What is required => Where the lines below hold images, skip those and copy every word exactly.

___ Excerpted data

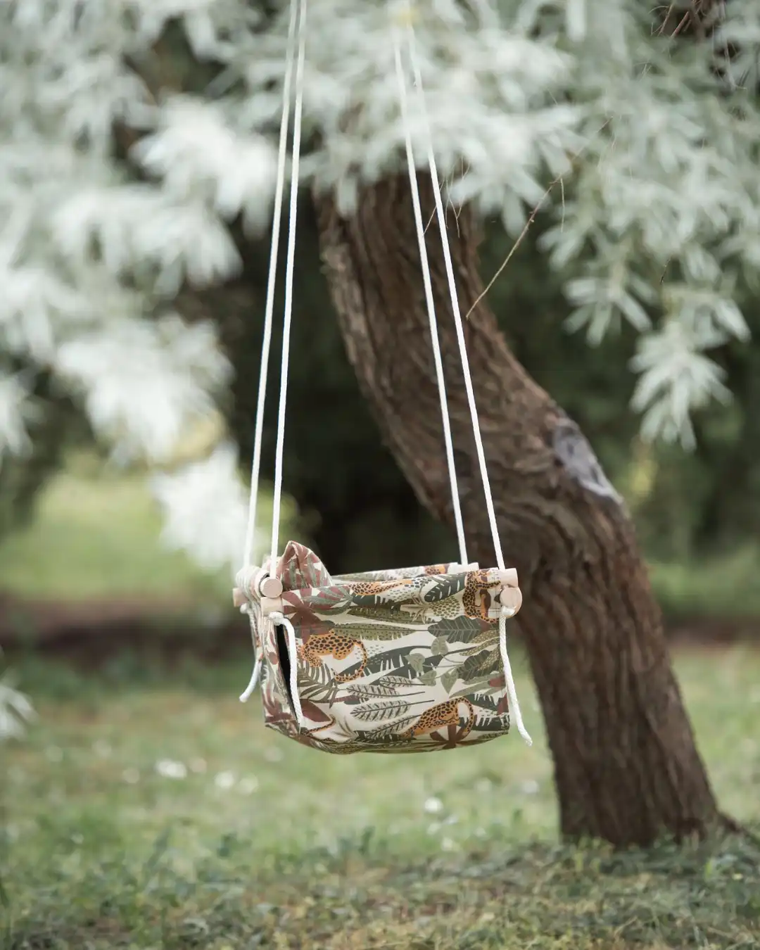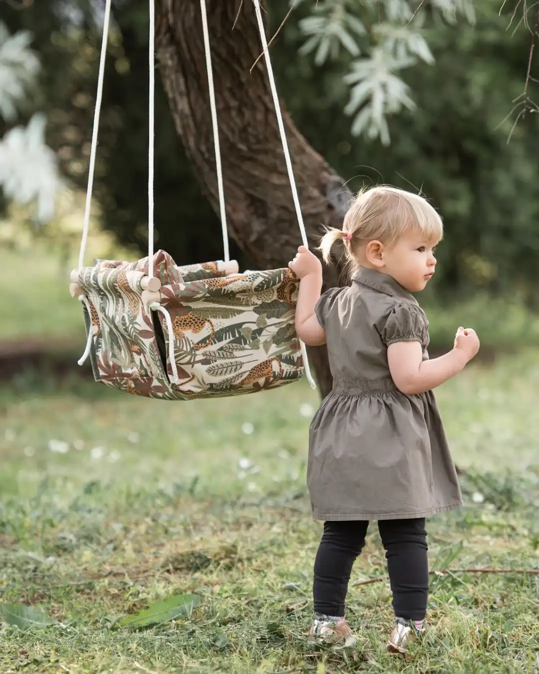 - Ljuljaška je sa dva lica – dekorativno šareno platno spolja i pamučno jednobojno maslinasto zelene sa unutrašnje strane
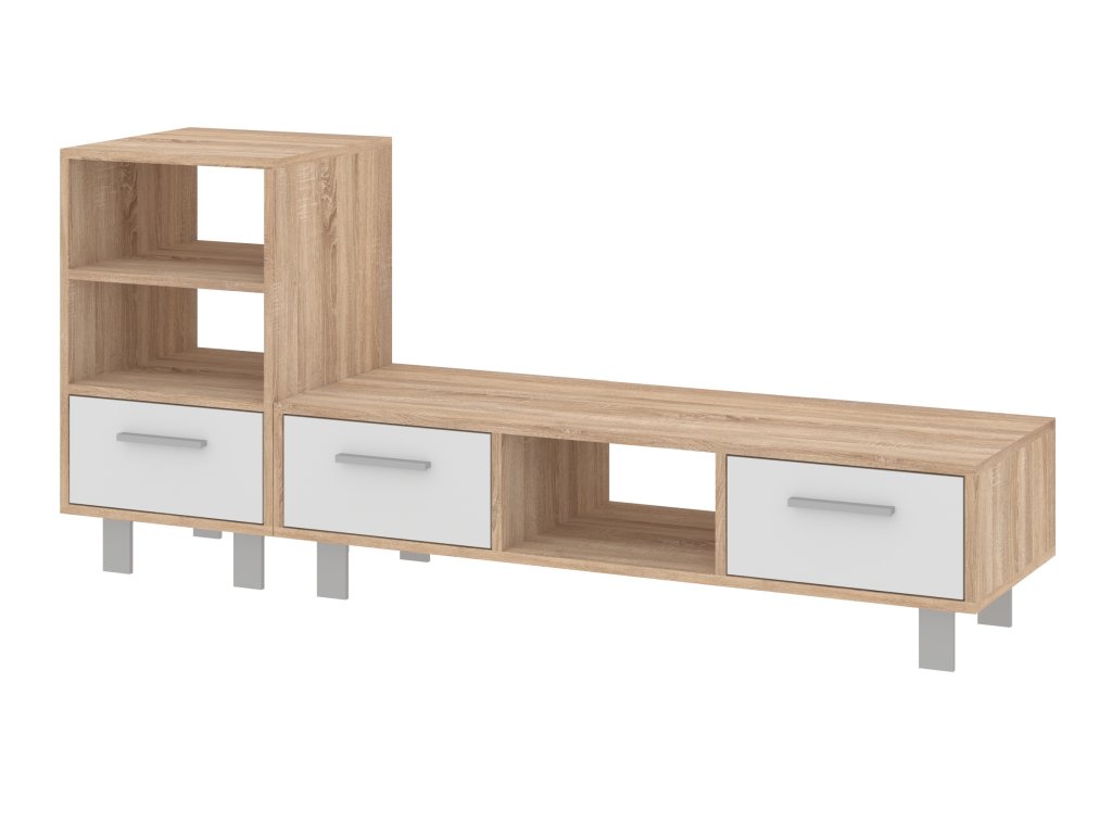Elegantní a funkční TV stolek MONREAL s vysokými nohami přináší do vašeho interiéru moderní design a praktické využití. Tento stolek nabízí dostatek úložného prostoru díky třem prostorným zásuvkám, otevřeným policím a nízkému regálu, který můžete využít pro uložení elektroniky, knih nebo dekorací. Vysoce kvalitní materiály a precizní zpracování zajistí dlouhou životnost a stabilitu. Díky jeho nadčasovému vzhledu a vysokým nohám se stolek snadno hodí do různých typů interiérů, ať už moderního, nebo klasického stylu.
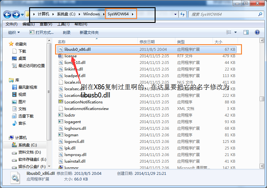 这段话的意思是说,如果系统是64的,你需要去x86 的文件夹,复制libusb0_x86.dll 去c:Windowssyswow64 (说明:32位系统,请将文件复制去Windowssystem32), 然后把复制过去的libusb0_x86.dll 的名称换为libusb0.dll
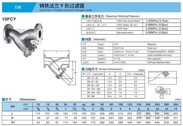日本KITZ EN16FCY鑄鐵法蘭過濾器結構特性:
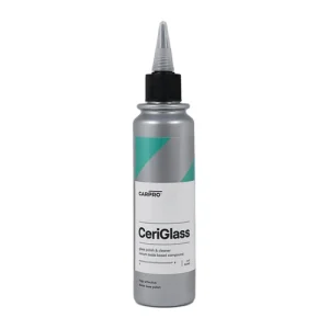 CeriGlass is a unique glass polishing system developed by the innovative technique of blending special ceramics (which include Cerium Oxide) together with other nano components and mild abrasives to create the most user-friendly and effective glass polishing system! CeriGlass deep cleans and polishes all glass surfaces with ease. It quickly removes acid rain spots, hard water spots, road film, and stubborn bird stains. It is also capable of removing fine to medium windshield wiper/grit scratches and swirls! And it does all this without warping the glass.
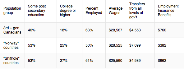 40 درصد از کانادایی هایی که به مدت 3 نسل یا بیشتر در کانادا زندگی کرده اند، حداقل دارای دیپلم کالج و 18 درصد دارای مدرک لیسانس هستند. در مقایسه، 53 درصد از مهاجران تحصیلات عالی دارند. 28 درصد از مهاجران دارای مدرک لیسانس، از کشورهای به اصطلاح "چاله مستراح" آمده اند. بنابراین می بینید که سطح مهارت و دانش این مهاجران به مراتب بیشتر از مهاجران اروپایی و کانادایی هایی است که نسل اندر نسل در این کشور زندگی کرده اند.
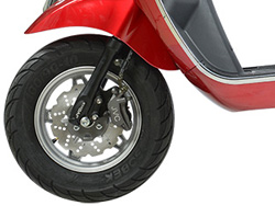 Bánh trước với lốp không ruột và thắng đĩa Xe máy điện JVC LX 2020 có bánh trước với lốp cao su không ruột 90/90-10 với mặt tiếp xúc lớn và độ bền cao, bao quanh vành đúc hợp kịm La zăng. Thắng đĩa được đặt ở tâm của bánh xe và đồng bộ hoàn toàn với tay thắng phía trên giúp người sử dụng có thể dễ dàng làm chủ tốc đọ của chiếc xe khi vận hành ở tốc độ cao. Nối toàn bộ cụm bánh trước với thân xe là cặp giảm sóc chịu lực giúp chiếc xe vượt qua các địa hình một các êm ái nhất. |
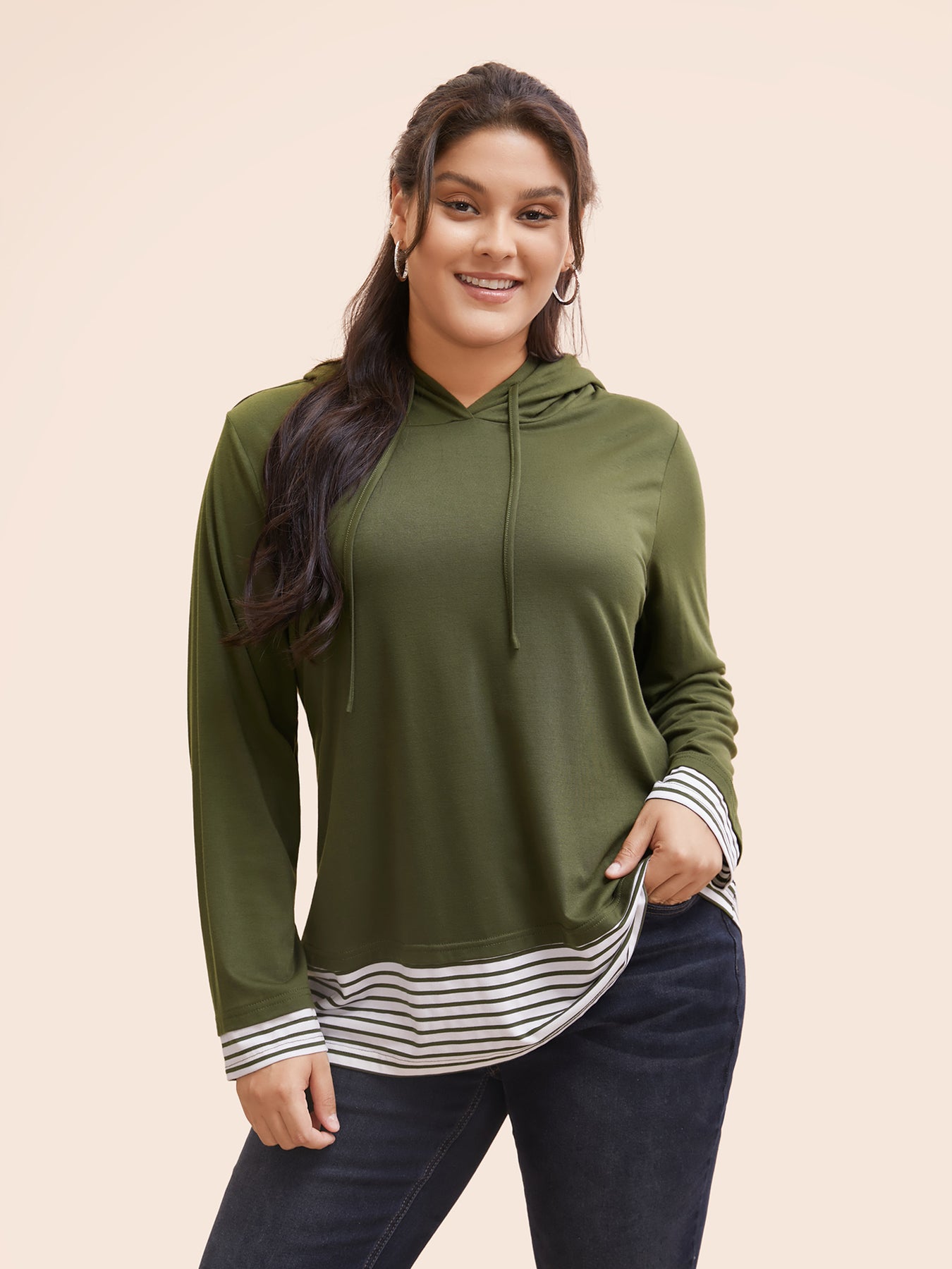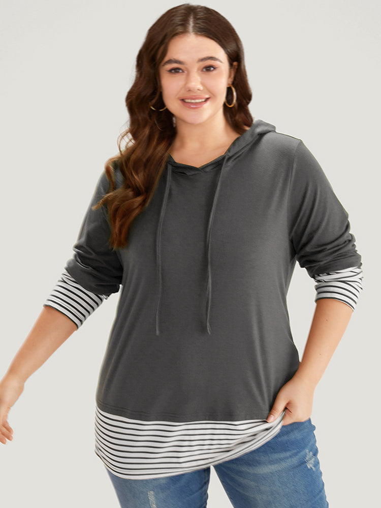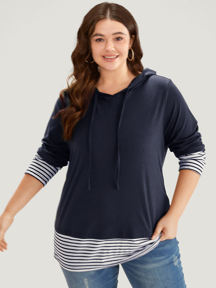 Striped Patchwork Hooded Drawstring T-shirt
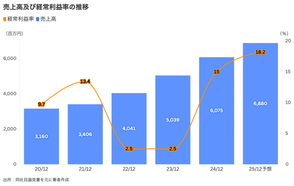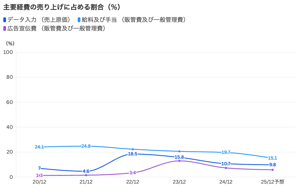 下図は、2020〜2025年における主要コストの売上に占める割合の推移を示したものとなる。22/12期をピークに、全体的なコスト比率は低下の傾向にある。
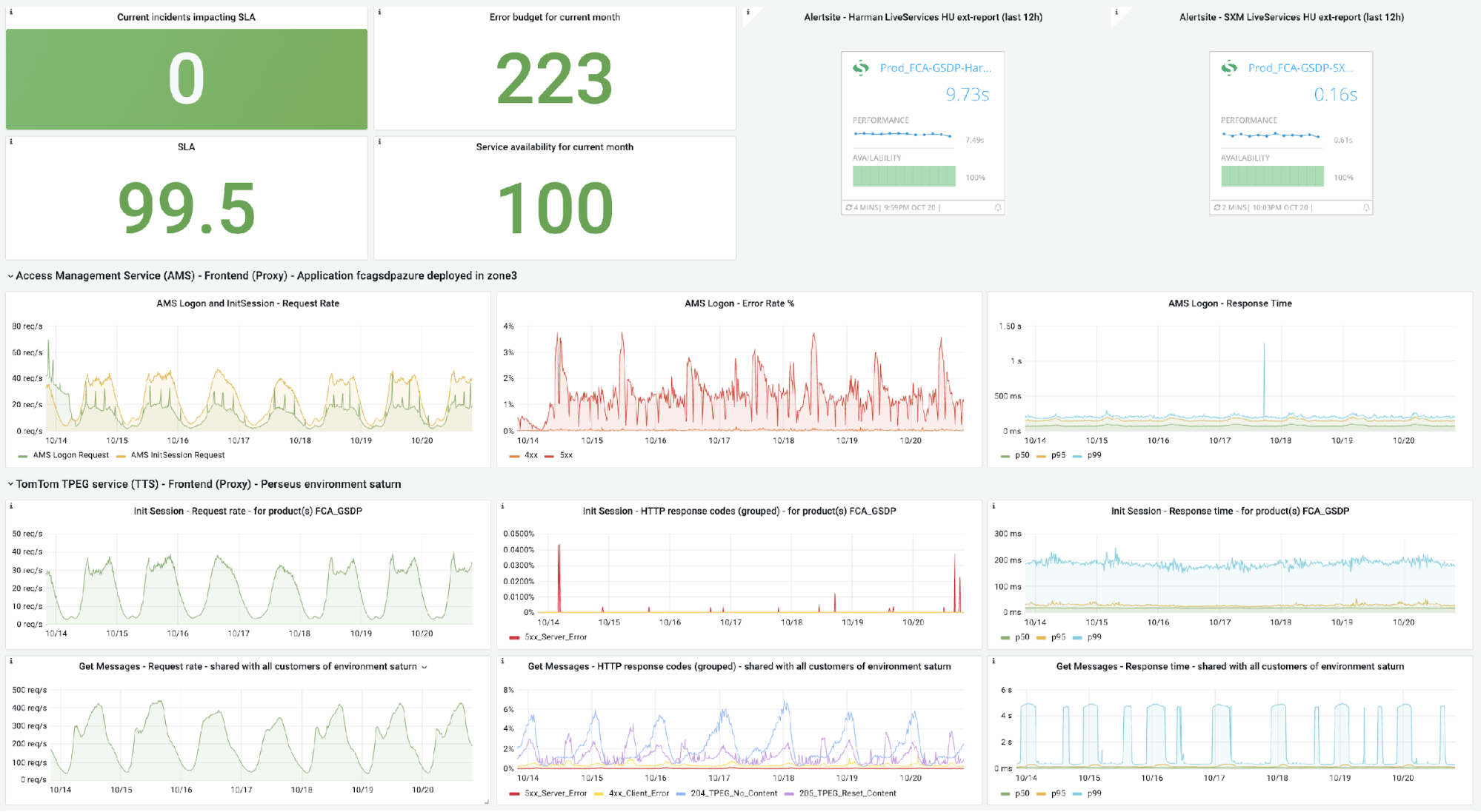 Above: TomTom business dashboard tracking SLAs, blackbox monitoring metrics, and service statuses.
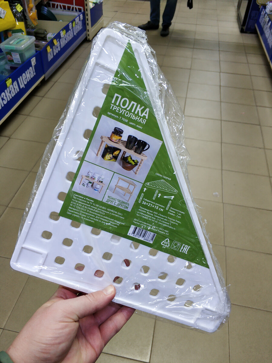 Приветствую, уважаемые! Хотела сегодня акции показать, на каких товарах можно сэкономить, покупая сейчас. Видимо, завтра покажу, потому как лучше новинки быстрее. Опять набралось фото товаров достаточно для большого обзора. Я, кстати, напоминаю, что ПРОМОКОДЫ на 50 рублей каждый день публикую в Телеграм канале, если вы не следите. Я уже на связи, ждем... А пока вот, начну с полок. Треугольные, мне кажется, это больше для кухни подходит, почему-то в отделе для интерьера выложили. Полка пластиковая, вот оборотная сторона: и этикетку тоже подробнее ближе покажу а тут инструкция по сборке, все детали в комплекте. Для детишек игры-балансиры появились, это из новой партии, посмотрите. описание, инструкция вложена. Разные есть, все коробки покажу стоят эти балансиры - 299 руб В отделе с косметичками и прочими опять появились новинки. Вот еще одни контейнер с несколькими секциями. Кстати, эти внутренние перегородки легко убираются, мыть удобно и если вдруг кому нужно без перегородок такой к

______

Written answer =>
 - Ljuljaška je sa dva lica – dekorativno šareno platno spolja i pamučno jednobojno maslinasto zelene sa unutrašnje strane
Elegantní a funkční TV stolek MONREAL s vysokými nohami přináší do vašeho interiéru moderní design a praktické využití. Tento stolek nabízí dostatek úložného prostoru díky třem prostorným zásuvkám, otevřeným policím a nízkému regálu, který můžete využít pro uložení elektroniky, knih nebo dekorací. Vysoce kvalitní materiály a precizní zpracování zajistí dlouhou životnost a stabilitu. Díky jeho nadčasovému vzhledu a vysokým nohám se stolek snadno hodí do různých typů interiérů, ať už moderního, nebo klasického stylu.
 这段话的意思是说,如果系统是64的,你需要去x86 的文件夹,复制libusb0_x86.dll 去c:Windowssyswow64 (说明:32位系统,请将文件复制去Windowssystem32), 然后把复制过去的libusb0_x86.dll 的名称换为libusb0.dll
日本KITZ EN16FCY鑄鐵法蘭過濾器結構特性:
 CeriGlass is a unique glass polishing system developed by the innovative technique of blending special ceramics (which include Cerium Oxide) together with other nano components and mild abrasives to create the most user-friendly and effective glass polishing system! CeriGlass deep cleans and polishes all glass surfaces with ease. It quickly removes acid rain spots, hard water spots, road film, and stubborn bird stains. It is also capable of removing fine to medium windshield wiper/grit scratches and swirls! And it does all this without warping the glass.
 40 درصد از کانادایی هایی که به مدت 3 نسل یا بیشتر در کانادا زندگی کرده اند، حداقل دارای دیپلم کالج و 18 درصد دارای مدرک لیسانس هستند. در مقایسه، 53 درصد از مهاجران تحصیلات عالی دارند. 28 درصد از مهاجران دارای مدرک لیسانس، از کشورهای به اصطلاح "چاله مستراح" آمده اند. بنابراین می بینید که سطح مهارت و دانش این مهاجران به مراتب بیشتر از مهاجران اروپایی و کانادایی هایی است که نسل اندر نسل در این کشور زندگی کرده اند.
 Bánh trước với lốp không ruột và thắng đĩa Xe máy điện JVC LX 2020 có bánh trước với lốp cao su không ruột 90/90-10 với mặt tiếp xúc lớn và độ bền cao, bao quanh vành đúc hợp kịm La zăng. Thắng đĩa được đặt ở tâm của bánh xe và đồng bộ hoàn toàn với tay thắng phía trên giúp người sử dụng có thể dễ dàng làm chủ tốc đọ của chiếc xe khi vận hành ở tốc độ cao. Nối toàn bộ cụm bánh trước với thân xe là cặp giảm sóc chịu lực giúp chiếc xe vượt qua các địa hình một các êm ái nhất. |
 Striped Patchwork Hooded Drawstring T-shirt
 下図は、2020〜2025年における主要コストの売上に占める割合の推移を示したものとなる。22/12期をピークに、全体的なコスト比率は低下の傾向にある。
 Above: TomTom business dashboard tracking SLAs, blackbox monitoring metrics, and service statuses.
 Приветствую, уважаемые! Хотела сегодня акции показать, на каких товарах можно сэкономить, покупая сейчас. Видимо, завтра покажу, потому как лучше новинки быстрее. Опять набралось фото товаров достаточно для большого обзора. Я, кстати, напоминаю, что ПРОМОКОДЫ на 50 рублей каждый день публикую в Телеграм канале, если вы не следите. Я уже на связи, ждем... А пока вот, начну с полок. Треугольные, мне кажется, это больше для кухни подходит, почему-то в отделе для интерьера выложили. Полка пластиковая, вот оборотная сторона: и этикетку тоже подробнее ближе покажу а тут инструкция по сборке, все детали в комплекте. Для детишек игры-балансиры появились, это из новой партии, посмотрите. описание, инструкция вложена. Разные есть, все коробки покажу стоят эти балансиры - 299 руб В отделе с косметичками и прочими опять появились новинки. Вот еще одни контейнер с несколькими секциями. Кстати, эти внутренние перегородки легко убираются, мыть удобно и если вдруг кому нужно без перегородок такой к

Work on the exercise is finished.